Which Tax Year Should End-of-Year Employee Paychecks Be In?

Category: tax

Taxes on year-end employee paychecks can get confusing. If you pay your staff on January 4, 2019, for work done the last week of December 2018, is that amount taxable in the year of the work or the year of the paycheck? Learn how to determine which tax year end-of-year employee paychecks should be in.

Paycheck Date Rules

In most cases, even if the work was done and pay earned in a different year, the paycheck date rules. For instance, if the paycheck was dated and available to employees in January 2019 but not December 2018, the gross pay is taxable in 2019. In contrast, if the paycheck was dated and available to employees in December 2018, the pay is taxable in 2018 whether or not the employee received the check.

Constructive Receipt

If a paycheck is made available to an employee before the end of the year, such as through direct deposit, the pay is taxable in that year. This rule applies even if the check stub is dated in the following year. Because the IRS considers constructive receipt to be when the employee has their paycheck and can control it, the income is taxable that year. Keep in mind that if an employee receives a check in the mail postdated for the following year, the check is not cashable until the date. As a result, the income would be taxable the following year. 

Constructive Receipt and W-2 Forms

Constructive receipt affects the information you provide employees on W-2 Forms about their pay and amounts withheld for federal income taxes, social security and Medicare.
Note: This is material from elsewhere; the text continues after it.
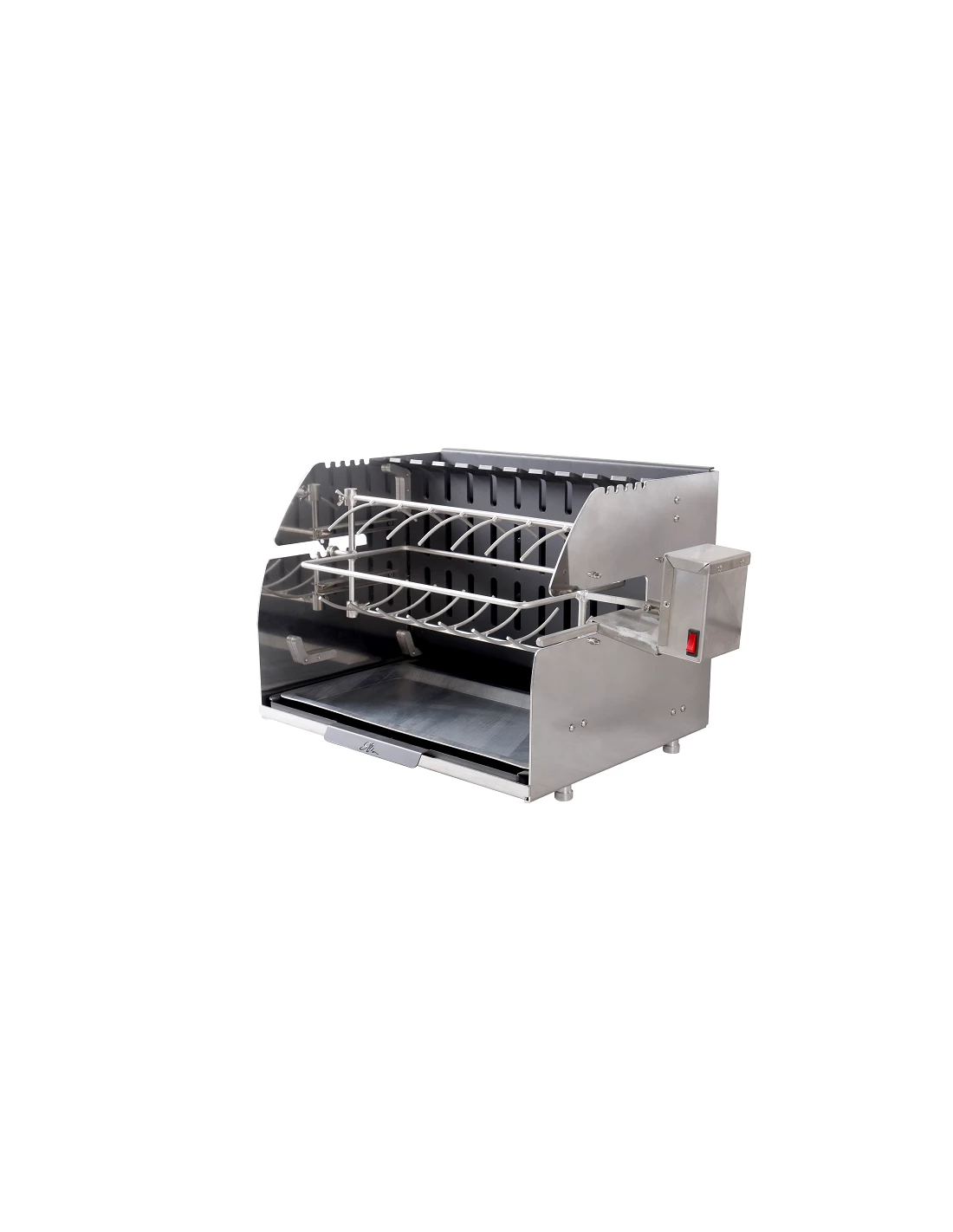 Cuisson verticale en broche Anglaise, idĂ©al pour vos poulets, rĂ´tis, coquelets, jarrets, lapins etc … jusqu’Ă 8 kg.

The last paycheck dated in December is included in that year’s W-2 earnings. The first paycheck in January is included in the new year’s W-2 earnings. After you prepare those forms, you must send them to your employees and the Social Security Administration by January 31. Be sure you properly account for the last paycheck of the year to withhold and report the proper amount of taxes.
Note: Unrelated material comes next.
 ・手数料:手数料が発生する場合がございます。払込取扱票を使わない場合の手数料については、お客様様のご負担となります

Importance of Paycheck Year

The year a paycheck is dated affects the employee’s taxable income. For instance, if a pay period ends before the start of the new year, a few days in the previous year will be paid in the next year. If the pay period ends after the end of the year, there will be additional days in the next year’s pay. This is important if an employee received a significant year-end bonus, for example, as it may affect their tax rate. Also, if the year had an additional pay period, employees may appear to receive an extra paycheck. Letting staff know about the difference before paying them allows time for employees to alter their W-4 and increase withholding from that paycheck.